Open manfredjoswald opened this issue 5 years ago • 1 comments

Hello, I have problems with converting 64-channel data recorded with Intan from an unsigned uint16 binary file to int16 format. The uint16 file is entered around 32768 with limits of 0 and 65535, so when I convert the data in Matlab to int16 with 'int16(a_data)' I just saturate all the data above 32768. However, the KiloSort output still provides me with spikes, a lot of them appear to be noise though. The traceView then displays alternate waveform and saturated straight line sections (see the recent Issue I posted to Phy). When I subtract 32768 from my uint16 data I can generate a binary int16 file with a mean around zero that is not saturated.
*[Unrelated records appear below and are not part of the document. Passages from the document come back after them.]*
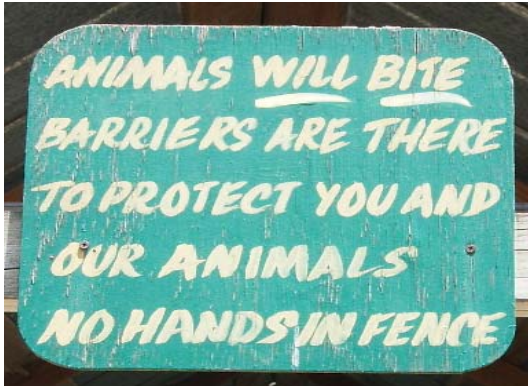
Figure 13. Signs reinforcing safety should be placed throughout any facility open to the public. Photo credits: Matthew Brien, 2006.
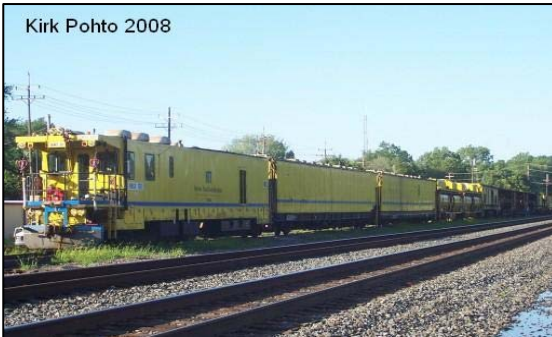
Kirk Pohto 2008

occurrence. The entire unit is self-powered with a converted locomotive sandwiched in the middle providing power.
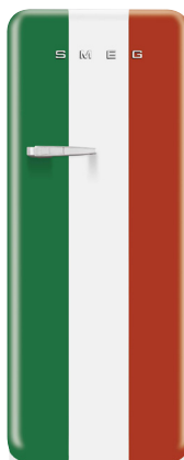
FAB28 Italian Flag RH | FAB28RDIT3 LH | FAB28LDIT3
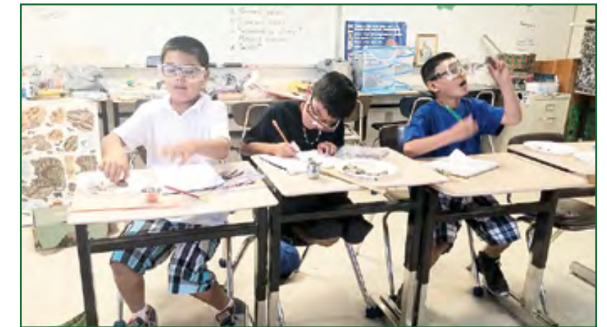
Three Camp Stars students learn about geology.

The “summer slide” is the well documented loss of learning that occurs over the summer break if a student doesn’t participate in a summer learning program. Camp Stars which was created to combat the “summer slide,” is our six week, 35 hours per week, summer educational enrichment camp which includes STEM education (science, technology, engineering and math) learning and faith sharing through Vacation Bible School fun and service. This year 31 campers from kindergarten to 6th grade participated in this camp which includes science experiments, math exercises, field trips, service projects, art, drama, crafts and singing all while learning more about God, Jesus and our Christian faith. We thank the Montei Foundation for being the major donor to Camp Stars for the fifth summer. They make this camp possible. We also thank the Rio Arriba County Summer Food Program for providing breakfast and lunch for our Camp Stars participants.
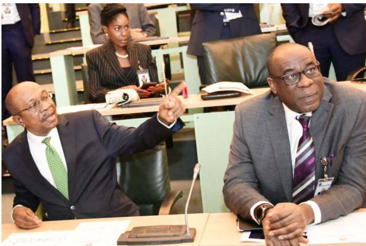
Governor Emezie pointing the way forward

rice production. So also, is the bumper harvest that have been recorded in sorghum, maize, millet, cassava, tomatoes and cotton farmers under the CBN's Anchor Borrowers' Programme. With improved financing by the banks, to enhance capacity utilization of agricultural firms involved in the production of the 10-identified commodity models; the country has begun to witness high production as well as increased income for farmers. However, critics of Emezie had questioned his intervention policies, accusing the CBN Governor of straying from the bank's mandate of monetary policy formulation into foggy terrain of fiscal matters.
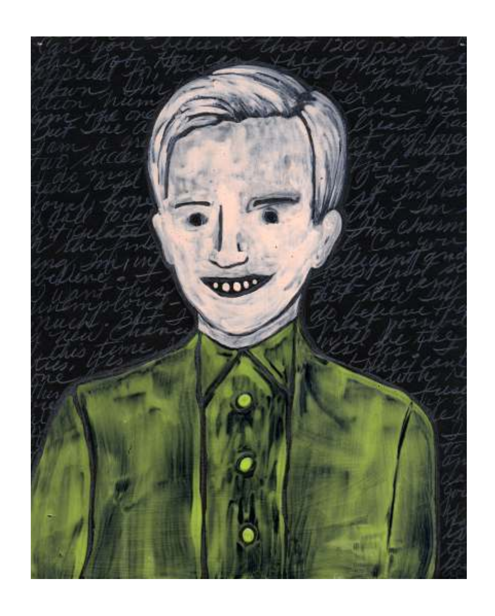
Finalist #722 gesso, acrylic, tar gel and graphite on paper9.75 x 7.75 in 2005/06
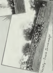
Varsity - Fresh Scrimmage
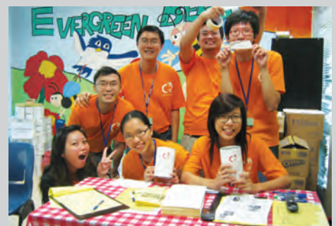
A CC-TGYC Flag Day held on Saturday, 30 October 2010 raised $78,700 in support of the Centre's outreach work.
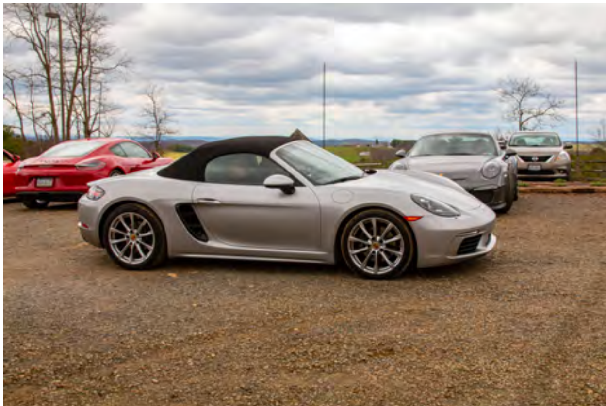
Left: (2018) Porsche Boxster at an event at Chateau Morrisette in Floyd, VA. It was too cold to have the top down this day.
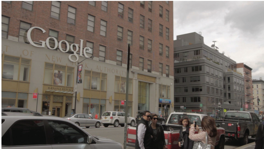
Stills from All that is solid melts into data , 2015.

When I started getting interested in environmental issues in my teaching and research, my assumption had been that businesses and government would treat social and environmental externalities in broadly similar ways. But the more I thought about it the more it seemed that the dynamic associated with each of them was different.
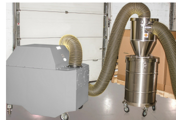
HEC-200 (4W) STAINLESS STEEL w/8" Inlet and Outlet in conjunction with CD-1200 EX Portable Dust Collector
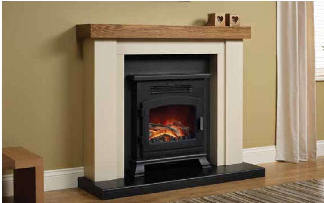
Electric Fireplace Collection

that is anything but ordinary.. ...welcome to Elgin and Hall

However, now the same KiloSort settings do not detect any spikes at all, and also not if I reduce the spike threshold detection parameter setting. So my first question is if the int16 binary file processed by KiloSort can contain negative values or just 0 to 32768? And if the values can range from -32768 to +32768, what parameters in the Configuration file should I change to detect spikes. Another approach to zero data is to filter it first with the Matlab filtfilt command. For this I have to convert first to double precision format and then back to int16, but this step is very slow. I assume that is why the integer data is filtered during pre-processing before Spike detection in KiloSort. I am not familiar with the data format used in the pre-processing steps (DATA now has a 3rd dimension). If I use the same filter parameters should the output then be identical to what I obtain with the filtfilt function? Can somebody tell me what file Phy uses for plotting in the TraceView window? Is that the unfiltered data? It does very different to the filtfilt output in double precision format. And finally, does it make sense to use the int16 binary file of the data that is already filtered (with filtfilt) as input for KiloSort, or do I have to remove the filter sections then from the pre-processing m-file of the KiloSort package? I am grateful for any comments towards these questions.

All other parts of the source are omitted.